The form of the novel is interesting in light of these questions. GraceLand is a synthetic novel, by which I mean it is made of different sorts of texts. The vast bulk is the narrative of Elvis, a tale with incident, dialogue, and language deeply informed by Nigeria but with a form out of the Western canon (as mentioned before, it can be read as a Bildungsroman, with an interesting parallel plot with an Igbo twist in the tale of Sunday’s own possible spiritual maturation and transformation at the novel’s end). I speculate that it is especially influenced by Invisible Man and Things Fall Apart: one American, one Nigerian.
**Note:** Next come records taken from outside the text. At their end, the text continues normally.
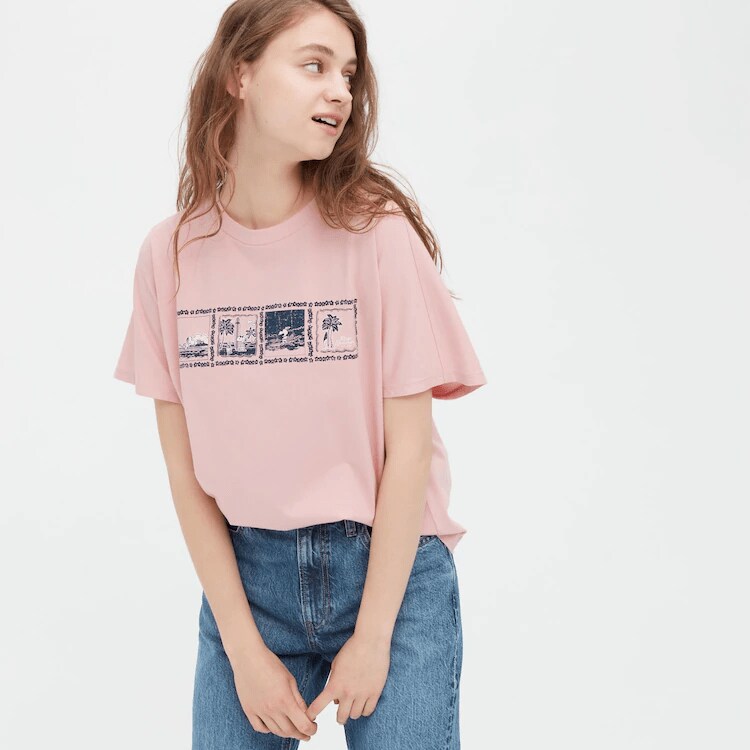 1. 【ユニクロ】4コマ漫画のようなデザインがかわいい! ピンクTシャツ
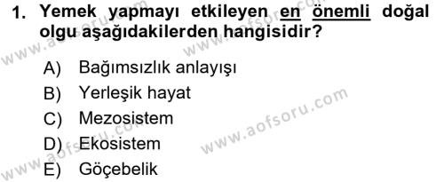 Gastronomi Tarihi Dersi 2017 - 2018 Yılı (Vize) Ara Sınav Soruları
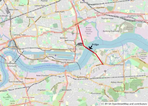 It was planned that the bridge should be built by 2013 and would have connected Beckton in the London Borough of Newham with Thamesmead in the Royal Borough of Greenwich linking the A406/A13 junction in Beckton with the A2016 Eastern Way and Western Way in Thamesmead and serve the new Thames Gateway development.
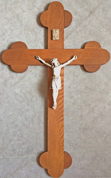 Kleeblattkreuz um1880 mit Applikationen Christuskorpus und INRI (Bedeutung: Jesus Nazareners Rex Judaeorum steht symbolisch für die Tafel mit dem Todesurteil, die am Kreuz angebracht wurde)
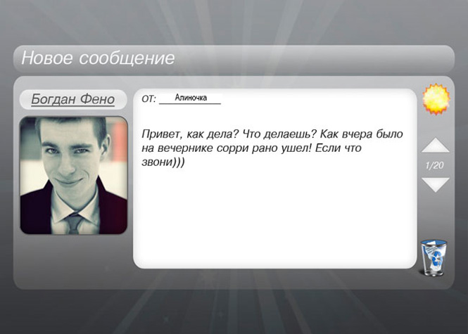 Интерфейс приложения под мобильную версию Android. Программа SMS сообщений
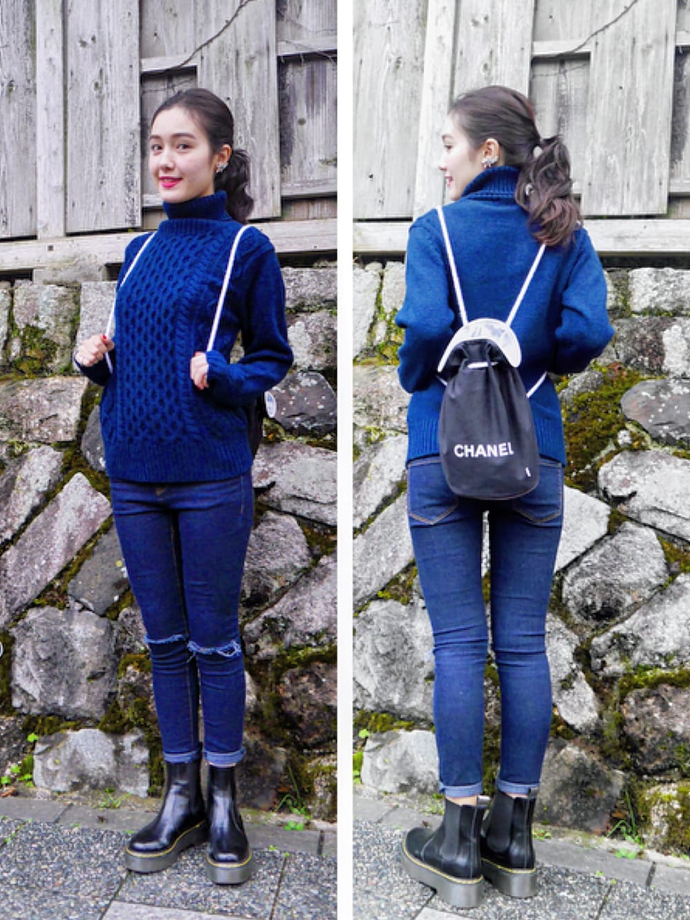 トップス GU パンツ forever21 ブーツ OHOTORO バッグ CHANEL ピアス forever21
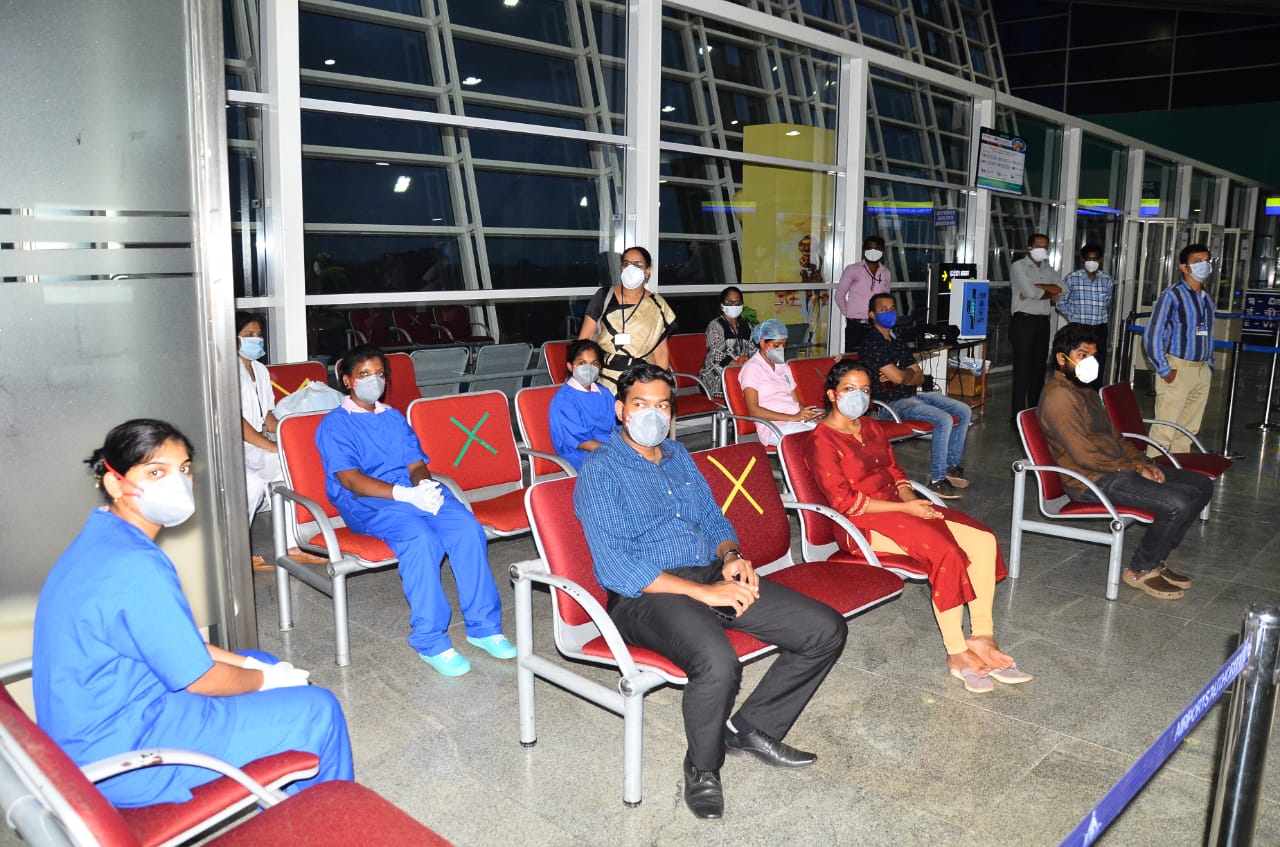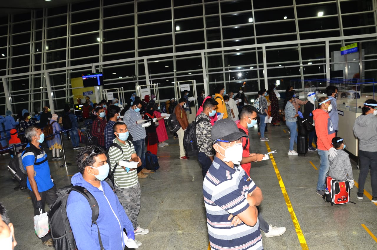 ಪ್ರಯಾಣಿಕರಿಗೆ ಇಳಿದ ನಂತರ ವಿಮಾನ ನಿಲ್ದಾಣದಲ್ಲಿ ಹಣ ವರ್ಗಾವಣೆ, ಸಿಮ್ ವಿತರಣೆ, ಆರೋಗ್ಯ ಕಿಟ್ ವಿತರಣೆ, ಉಪಹಾರ ವ್ಯವಸ್ಥೆ ಮಾಡಲಾಯಿತು. ನಂತರ ಆರೋಗ್ಯ ಇಲಾಖೆಯ ತಪಾಸಣಾ ತಂಡದಿಂದ ಪ್ರತೀ ಪ್ರಯಾಣಿಕರ ಆರೋಗ್ಯ ತಪಾಸಣೆ ಮಾಡಲಾಯಿತು. ಪ್ರಯಾಣಿಕರಿಗೆ ಸ್ಟ್ಯಾಂಪಿಂಗ್ ಮಾಡಿ, ಇಮಿಗ್ರೇಷನ್ ಪ್ರಕ್ರಿಯೆ ನಡೆಸಲಾಯಿತು. ಪ್ರಯಾಣಿಕರಿಗೆ ಊಟದ ವ್ಯವಸ್ಥೆಯನ್ನೂ ಏರ್ಪಡಿಸಲಾಗಿದೆ.

But there are also interstitial bits of text, loosely connected to the narrative. Between chapters we get recipes, descriptions and definitions of Nigerian herbs and plants, and pieces of different texts like the Bible and the aforementioned Onitsha Market pamphlets. Many of these are (or at least could be) extracts from Elvis’s mother’s journal, we are led to infer from the description Elvis provides of the journal. With this narrative connection, we, the Americans-ignorant-of-Nigeria, can read them as the cultural primer they clearly are, but can also read them through Elvis’s eyes, and/or Abani’s. They can be read as expressions of Elvis’s longing for and estrangement from the homelands of his mother and his country, added after the events of the novel. The formal heterodoxy is a powerful tool to convey information to the ignorant, but also to reveal the novel’s meaning — its soul.
In addition, each chapter begins with two brief passages about the Igbo ritual of the kola nut, a powerful ceremony important in divination rites but also in hospitality customs and religion more generally. The first of each of these passages, in regular type, is from the Igbo point of view and often contains a kind of mystical or oracular language. The second, in italics, is rather more anthropological, talking about the Igbo rituals as objects of study and anthropological data. Again, we see the dual consciousness of the expatriate. But more than that, these passages are epigrammatic, and often indicative of the content of the chapter to follow. This could suggest to the reader either that Abani wants to convey that the form of the narrative follows a persistent path in Igbo mythology, or that Abani has deliberately structured the events of the novel to do so. The dual epigrams, perhaps, allow for both interpretations at once. Joycean. Ingenious.